Posted in: Middle East

Pakistan’s Musharraf Arrested After Day On The Run

Pakistan's Musharraf Arrested Friday

Pakistan’s former President Pervez Musharraf was arrested on Friday after just one day on the run. The former military leader, who was ousted in 2008, ran out of court on Thursday after his bail was revoked in a treason case.

Mucharraf seized power in a 1999 military coup and ruled until he was forced to step down in 2008. After that, he spent time in Dubai and London before returning to his home country last month.

When he returned, the former president was issued a pre-approved bail, which expired on Thursday. Musharraf returned, even knowing he would likely face three court cases stemming from his time as Pakistan’s president.

In one of those court cases, the former military leader was accused of treason for ordering the house arrest of dozens of judges including the Supreme Court’s high justice.

Musharraf explained that his return was meant both to clear his name and to participate in upcoming elections, which are expected on May 11. But election officials and judges disqualified him from running in all four constituencies he planned to contest.

The retired military general appeared in court on Thursday to request a bail extension. When the Islamabad High Court rejected the appeal and ordered his arrest, Musharraf escaped from court and returned to his home on the capital’s outskirts with the help of armed security guards.

But it appeared on Friday that the former Pakistani president had surrendered himself to a court.
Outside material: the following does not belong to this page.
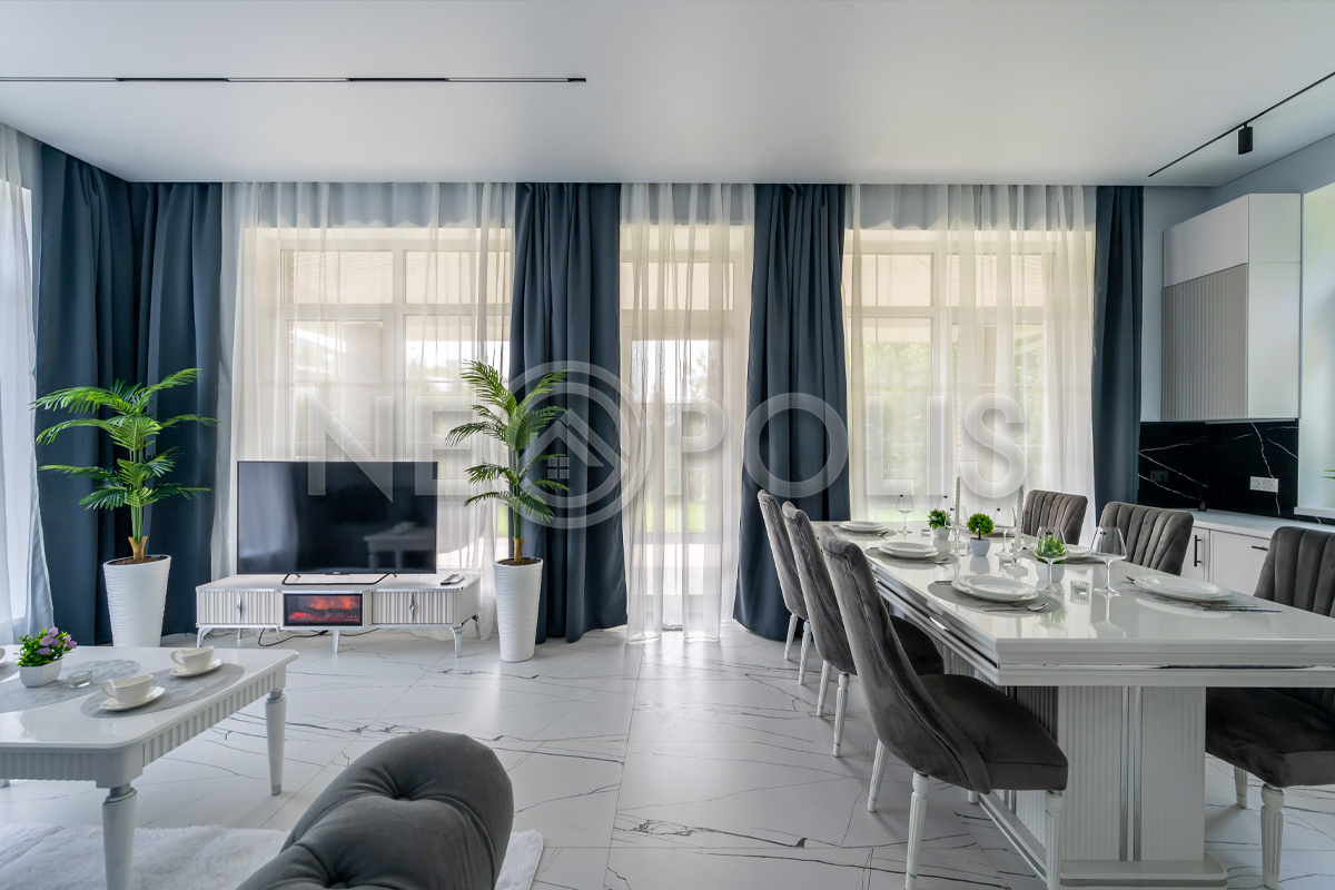 - 1 этаж:прихожая с гардеробной, кухня-столовая, гостиная с выходом на террасу, спальня, санузел, котельная с дополнительным входом с улицы.
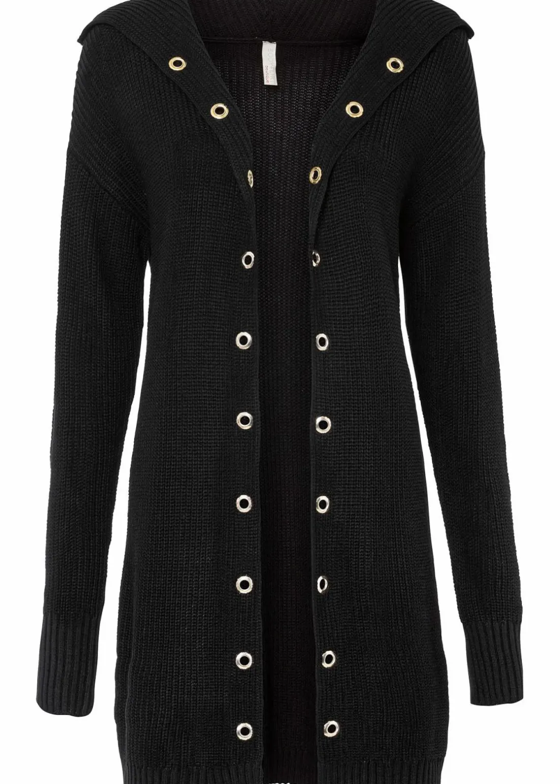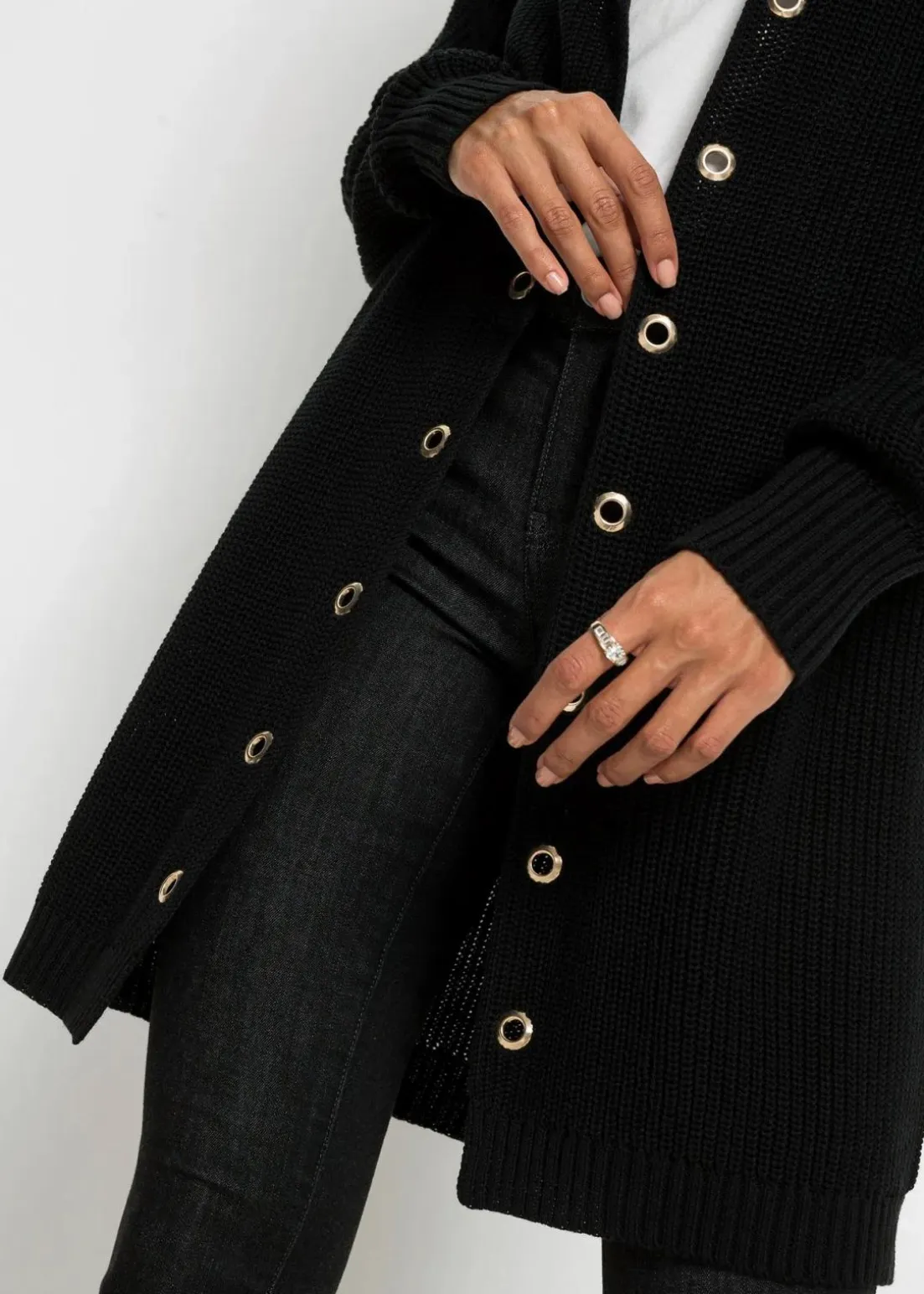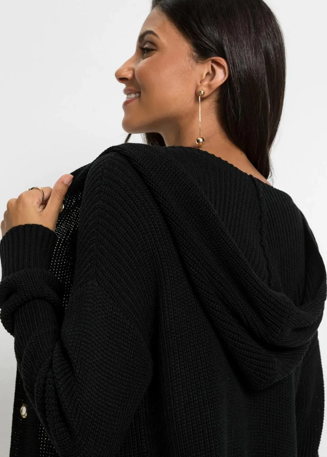 Die Longstrickjacke mit Kapuze lässt sich vielseitig zu entspannten Freizeitoutfits kombinieren.

He was placed under house detention by the court and ordered to stay there until the trial on his treason charges is complete.

Shaukat Qadir, a retired brigadier general who cautioned Musharraf against returning to Pakistan, stated of the situation:

“Musharraf has put himself into this bind. He always acts first and thinks later. The problem for the army is that it’s got no cards to play in this game. It’s been hijacked by the judiciary.”

It is not clear how long Musharraf will stay under house arrest before the trial begins.